To more fully understand simple patterns of MMs as a function of type and position, we pooled MM types to three categories: purine–purine, pyrimidine–pyrimidine and purine–pyrimidine MM pairs. Figure 6 shows that signal intensities of duplexes with pyrimidine–pyrimidine MM pairs were more similar to PM duplexes than purine–pyrimidine or purine–purine MM pairs. An interaction was evident at the termini of probes where differences in the normalized signal intensities among MM pairs were more pronounced towards the 3′ end of the probe. Differences in intensity values at the 5′ and 3′ end might be due to the orientation of the probe on the microarray since the 3′ end was closest to the microarray surface.

Figure 6
Average signal intensity values of MM duplexes at positions 1 to 20 normalized to signal intensity of the PM duplex by MM type. Pyrimidine:pyrimidine MMs, yellow; Purine:pyrimidine, red; Purine:purine MMs, blue.

Figure 7 illustrates the effects of the type of NN that flank a MM on normalized signal intensity values. We analyzed separately the cases when a MM is located at the termini of sequence from the cases when it is located elsewhere. The reason for this is that a MM at the termini could have only one neighboring nucleotide, while in all other positions it has two neighbors. We assessed the effect of NN by categorizing probes with terminal MMs into two states: those with a purine and those with a pyrimidine neighbor. Elsewhere we grouped MMs having nucleotides flanking a MM into three categories: purines only, pyrimidines only, and purine–pyrimidine combinations. In addition to the asymmetric impact of MM type at the end of the probe described earlier, we detected asymmetry at the ends of the probe concerning NN type. Figure 7 shows that purine neighbor at the 5′ end stabilized the duplex more than pyrimidine (GT2 post-hoc test, P = 0.001). Surprisingly, at the 3′ end the opposite trend is true—although it is not statistically significant. When non-terminus mismatches were considered, the most stabilizing effect on the duplex occurred with purine flanking neighbors. Pyrimidine flanking neighbors yielded the lowest duplex stability. Purine–pyrimidine neighbors were in the middle of these two extremes (Figure 7B, all differences are significant at P = 0.001 by GT2 post-hoc test). Interactions between NN type and MM position and type are significant as previously stated. However, due to the minor effects on the variance and peculiar patterns of interaction, we excluded it from further discussion.

Figure 7
Average signal intensity values of MM duplexes categorized by nucleotide type flanking a MM in the probe sequence. Shaded cells in each row represent a homogenous set of means revealed by GT2 post-hoc analysis at α = 0.05 level. Error bars represent ...

DISCUSSION

The thermodynamic properties of nucleic acid duplex formation and dissociation in solution have been well established (29). For example, the behavior of a probe and a target sequence in solution can be predicted by using a nearest-neighbor model (30).

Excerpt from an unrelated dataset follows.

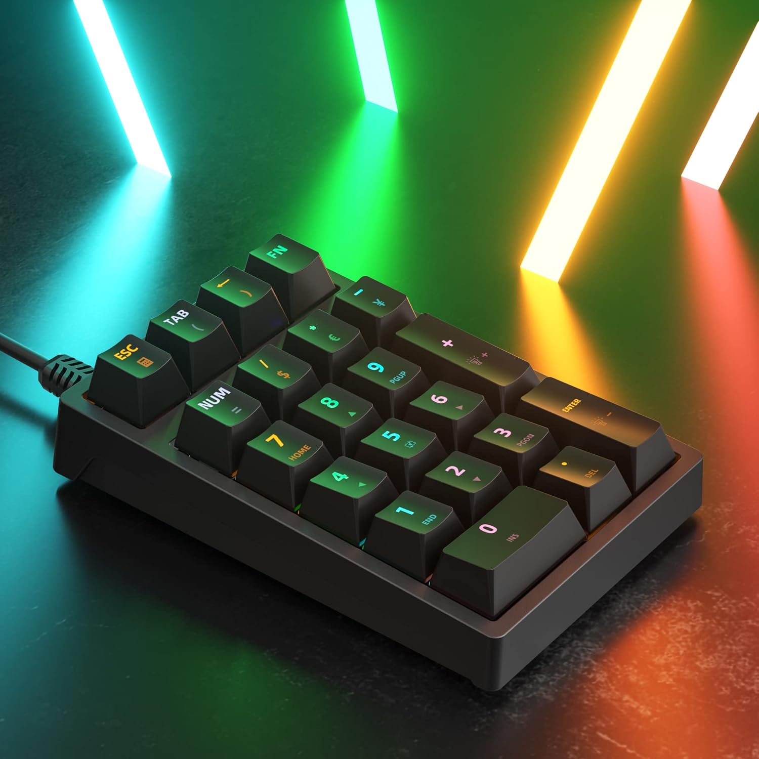 Purilite Select 21-Key Mechanical Numeric Keypad | RGB Backlit Blue Switch with Programmable Keys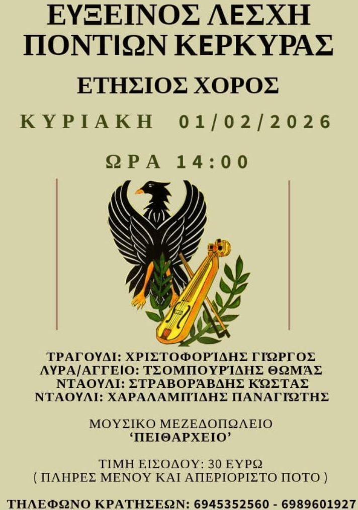 Η Εύξεινος Λέσχη Ποντίων Κέρκυρας προσκαλεί φίλους και μέλη της στον καθιερωμένο ετήσιο χορό της, που θα πραγματοποιηθεί την Κυριακή 1 Φεβρουαρίου, με ώρα έναρξης στις 14:00, σε μια γιορτή αφιερωμένη στην ποντιακή παράδοση και το αυθεντικό κέφι.

However, duplex formation using surface-immobilized DNA oligonucleotides is less well understood, presumably due to the complex factors affecting the kinetics and thermodynamics of target capture. Some factors affecting duplex formation on DNA microarrays include: probe density, microarray surface composition and the stabilities of oligonucleotide-target duplexes, intra- and inter-molecular self-structures and RNA secondary structures (21,31,32). We reasoned that examination of the thermodynamic stabilities of probe-target duplexes using existing models might provide valuable information on the relationships between predicted stabilities of targets hybridized to immobilized probes and their corresponding signal intensity values on DNA microarrays. We also reasoned that the position and type of MM, and the nature of neighboring bases to the MM should also affect signal intensity values.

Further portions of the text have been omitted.